_DATA EXTRACT_
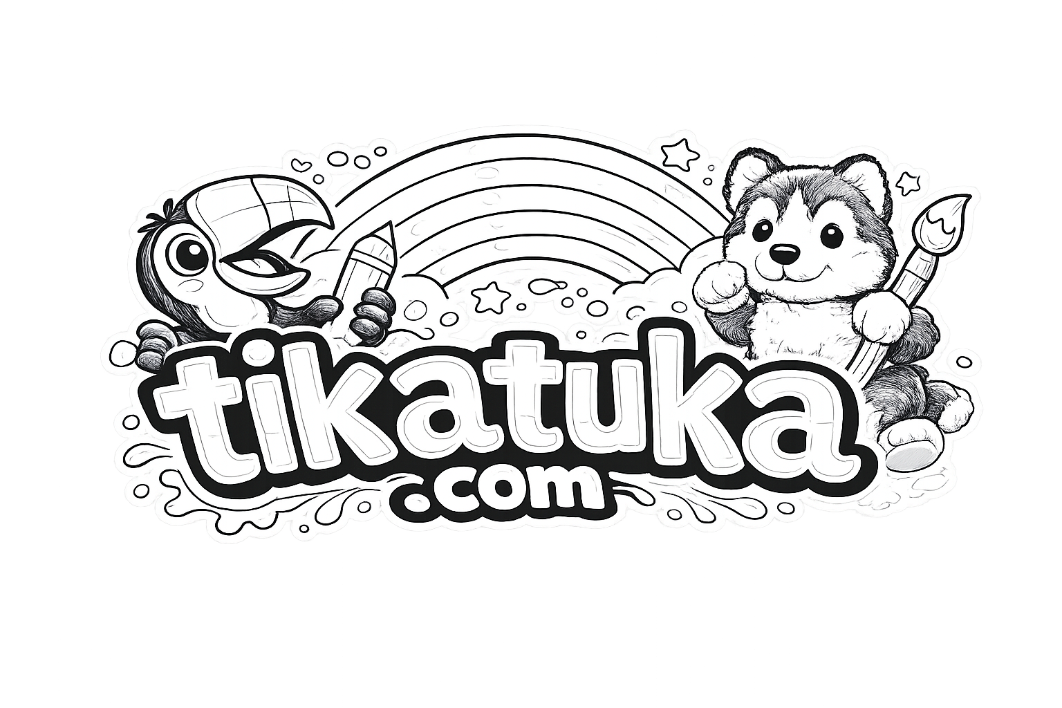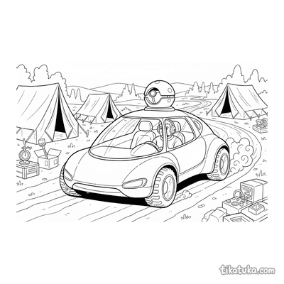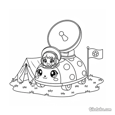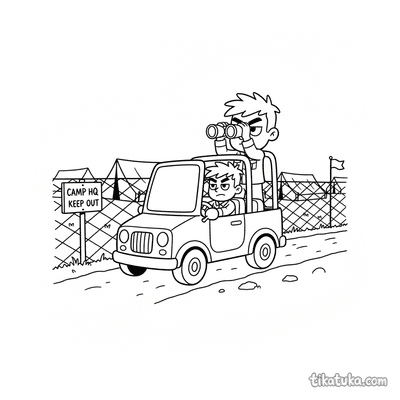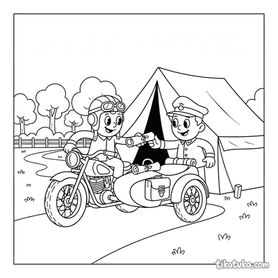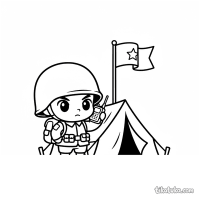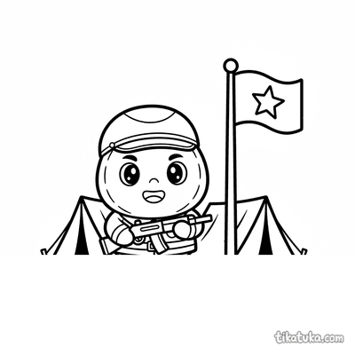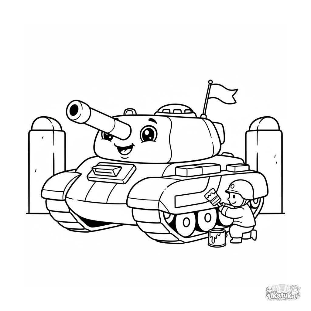 Página para colorear muy simple para bebés 2-3: un tanque amigable custodia la entrada a un campamento de campaña. Formas grandes, detalles mínimos, márgenes amplios.
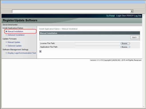 Jeżeli do aplikacji MEAP nie dołączono Kodu dostępowego licencji, plik licencji zostanie przesłany przez dostawcę aplikacji MEAP.Klucz licencji oraz plik licencji opisany w niniejszej sekcji nie są wymagane.Aby uzyskać więcej informacji, zapoznaj się z instrukcją obsługi danej aplikacji MEAP.
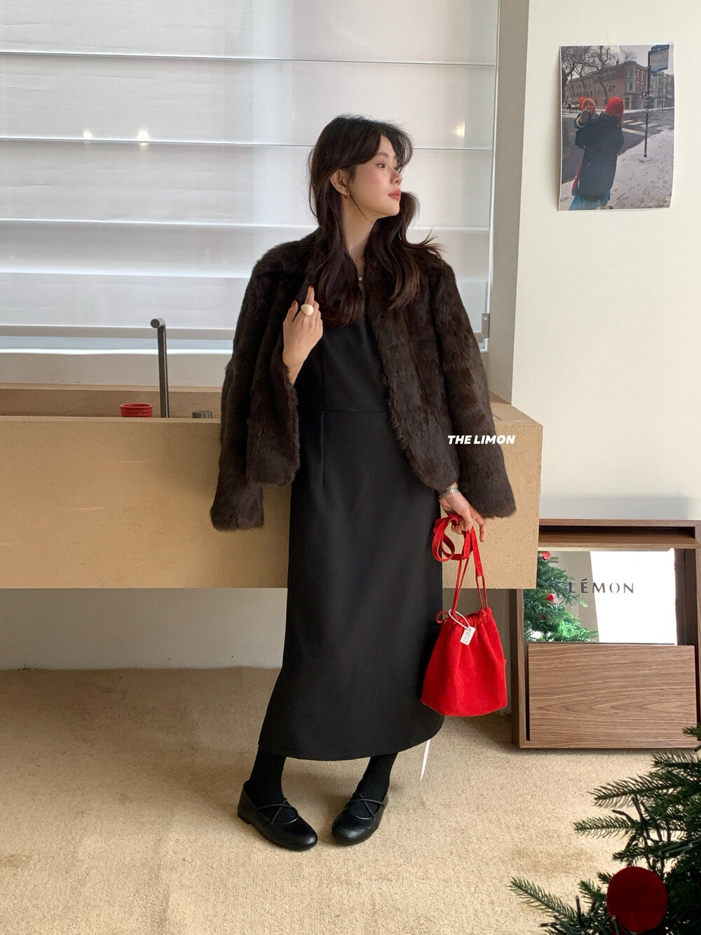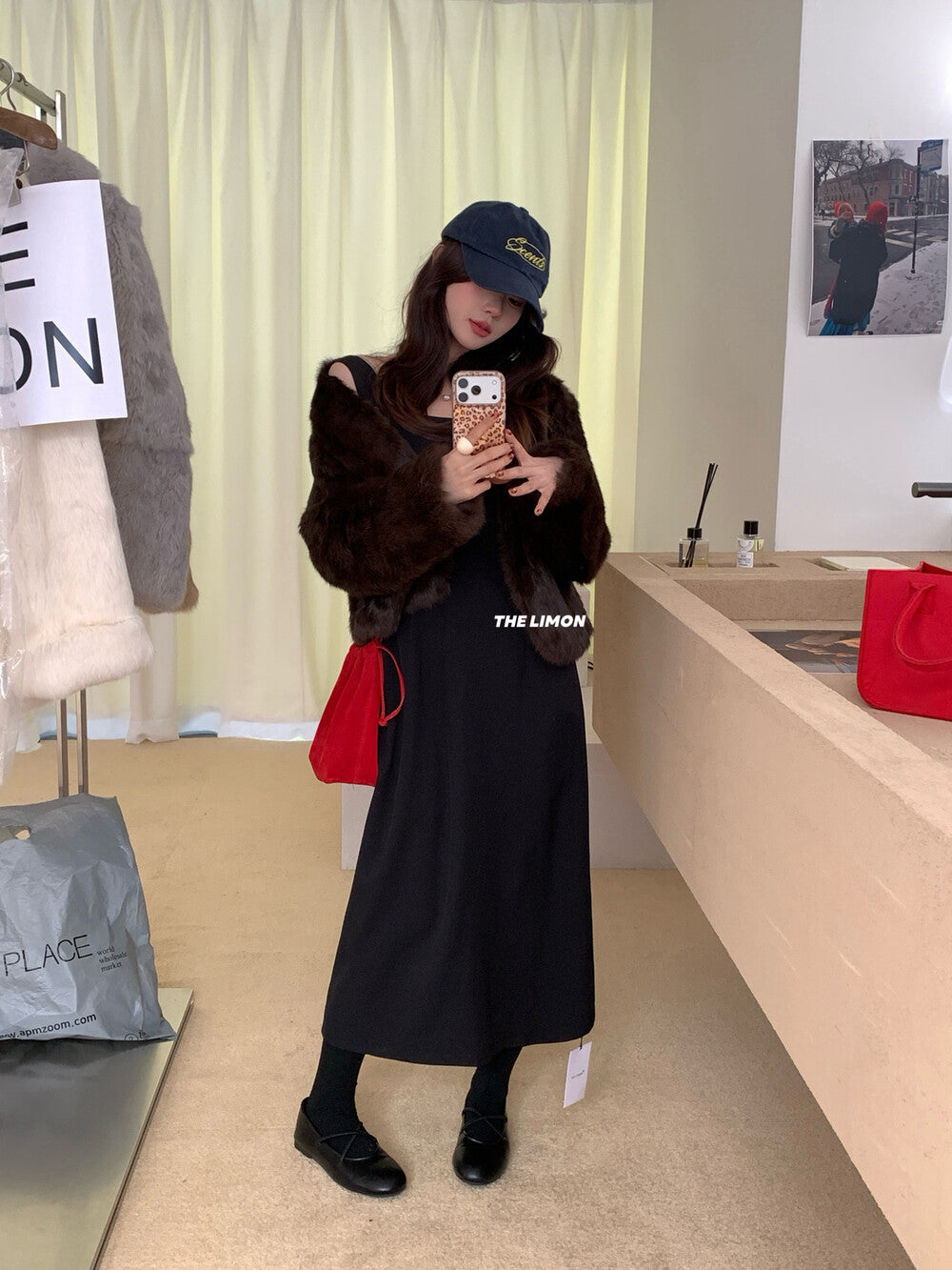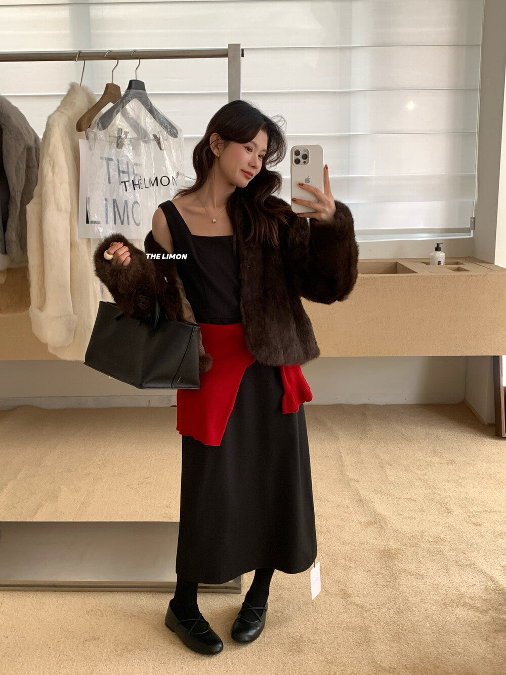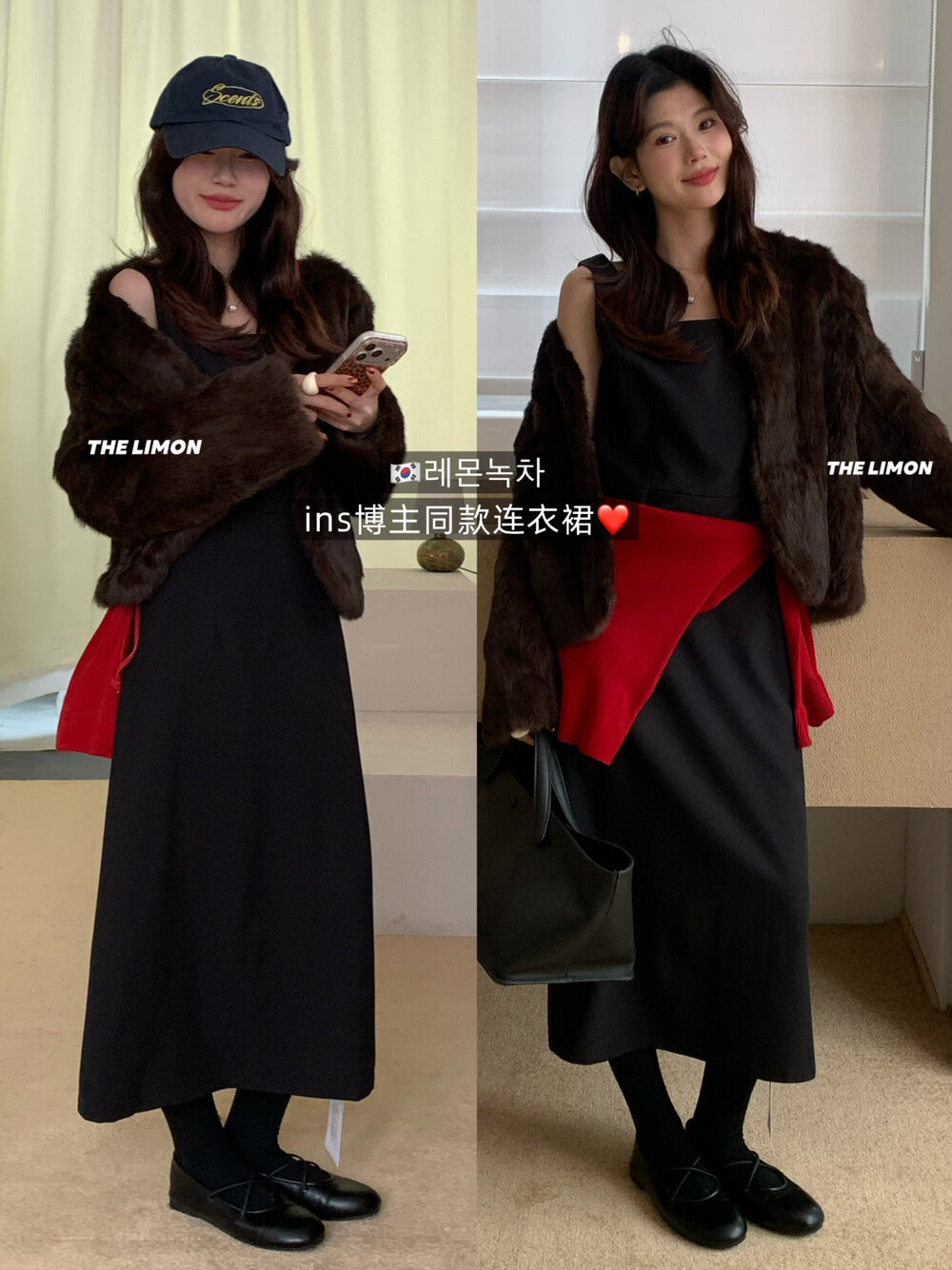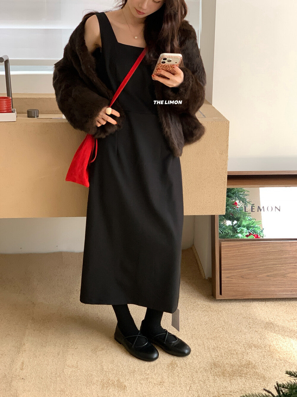 【C8131】ins博主方領氣質無袖背心顯瘦連衣裙

_YOUR INSTRUCTIONS_
Please give back every line above exactly as it stands, without pictures.

_ANSWER SECTION_
 Página para colorear muy simple para bebés 2-3: un tanque amigable custodia la entrada a un campamento de campaña. Formas grandes, detalles mínimos, márgenes amplios.
 Jeżeli do aplikacji MEAP nie dołączono Kodu dostępowego licencji, plik licencji zostanie przesłany przez dostawcę aplikacji MEAP.Klucz licencji oraz plik licencji opisany w niniejszej sekcji nie są wymagane.Aby uzyskać więcej informacji, zapoznaj się z instrukcją obsługi danej aplikacji MEAP.
 【C8131】ins博主方領氣質無袖背心顯瘦連衣裙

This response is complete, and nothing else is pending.